25 julho, 2011

Kafka

Descobriu cedo que estava disposto a adormecer. Não sei bem a que conclusão chegou. Às vezes julgo que tinha uma certa dificuldade em contar-me os seus sonhos. Especialmente os seus, quero dizer. Não estaria certamente relacionado com falta de lembrança. Esse seria porventura um problema meu.

Sim, fiz muitas vezes força para recordar. Depois do sono, tornava-se particularmente raro que ainda sobrasse um conteúdo decifrável, ainda que apenas em termos de causas e consequências, enfim, de continuidade, quero dizer. Quando acordava entretanto, punha-lhe de imediato sobre o peito a palma da minha mão, para convocar a sua atenção. Os meus olhos continuavam fechados sobre si, mas com incisão redobrada. Acima de tudo, queria evitar o confronto com a luz. Julgo que as minhas precauções, o meu método de tentativa e erro, não foram os mais convenientes: o desfecho foi recorrente - subitamente, todas as sensações, mesmo as mais próximas, se tornavam, assim, em vestígios sombrios do que ainda há pouco tinha vivido com veemente precisão, durante o sonho. Sentia uma revolta aguda contra a minha consciência. Uma angústia estranha de poder ter perdido a minha própria memória.

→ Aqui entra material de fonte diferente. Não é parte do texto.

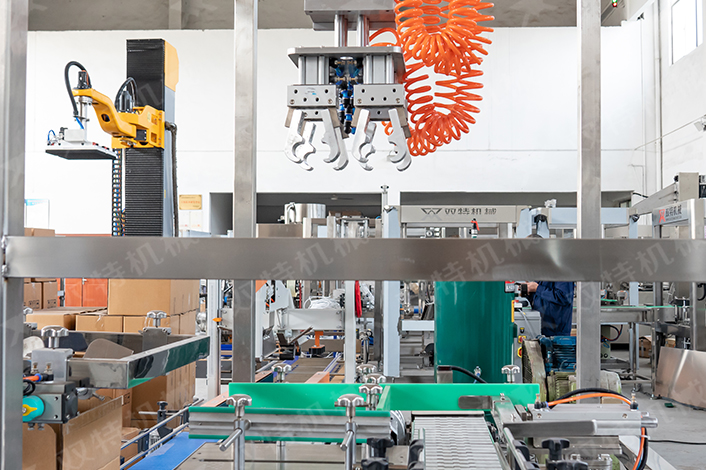 機(jī)器人碼垛系統(tǒng)主要針對(duì)包裝線的后道碼垛而設(shè)計(jì),機(jī)器本身占地小,重量輕,功能全面,可以再不同的環(huán)境下使用。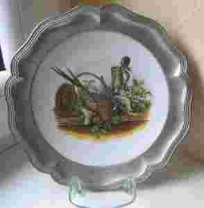 PORCELANOWY TALERZ W CYNOWEJ RAMIE BAŻANT

Mas como estava a dizer, julgo que a sua dificuldade em contar-me os seus sonhos - especialmente os seus, quero dizer -, devia-se então ao gesto que vem a seguir à lembrança. A minha cabeça estava enfiada na almofada, a manhã vinha apenas confirmar o repouso, e por isso podia ver com clareza, nas pontas dos seus dedos, a mesma confiança de quem está seguro da sua herança. Sim, não me poderia enganar sentindo as coisas a tal distância. Os seus pensamentos não lhe eram estranhos, a ignorância ou a angústia eram-lhe, de outro modo, alheios; ao acordar, o seu património mental dispunha-se perante si com clareza - podia seleccioná-lo como lhe conviesse, porventura até encontrar relações simbólicas entre os factos. Julgo que é dessa capacidade que lhe advém um sentido muito especial para as sensibilidades.

Contudo, no tal gesto que procede a lembrança, a dúvida começava a rondar, um fantasma rotativo cujo olhar é incidente. Então que os seus lábios ficavam entreabertos, em movimento de preparação. Havia um fio de saliva que escorria languidamente pelo lábio inferior, recordava-me certa vez o pénis, no mesmo gesto. A partir daí, podemos dizer que as coisas se eternizavam tal como estavam neste ponto.

A dificuldade para passar ao passo seguinte estava em fazer dessas sensações matéria, matéria partilhável, que pudesse ser contada. Julgo que não chegou a esse ponto, pelo menos na maior parte das vezes. E mesmo quando chegava, sentia uma certa fúria nas suas omoplatas. Era a angústia de não haver as palavras justas ao seu sonho. E note-se que há uma diferença entre não haver e não encontrar, pois no primeiro caso a angústia é com certeza mais profunda. Mas ainda que as houvesse, a essas palavras, correríamos posteriormente o risco de não terem para mim o mesmo significado, então a comunicação não seria novamente efectuada com rigor. A sensação peculiar do sonho passa então a ser vã e incerta, não havendo uma outra consciência para confirmar a sua realidade.

Andava desiludido. Tomava o pequeno-almoço balançando a colher nas bordas da tigela. Passou a deixar sempre um resto. Começava a duvidar da ideia que tinha das coisas. Começava a recear que a sua sensibilidade fosse desmedida, começava a ter medo da medida do seu próprio bom senso. Estava assustado por se comover tão facilmente, por ser invadido regularmente por sensações estrangeiras e também por outras já habitués - sensações que já nem precisavam de pedir o menu: entravam pela porta como se a casa já fosse sua.

Um dia, decidimos ler um livro antes de adormecer. Depois, retomámos a leitura na página 49, se bem me lembro. De manhã, um dia, não evitei a luz, olhámo-nos simplesmente, olhos nos olhos, num confronto que ia até ao fundo de nós mesmos. Quando pus de novo a palma da mão sobre a omoplata esquerda senti com clareza que já não havia fúria naquele corpo. Não dissemos nada. Nos mesmo olhos haviam os outros reflectidos.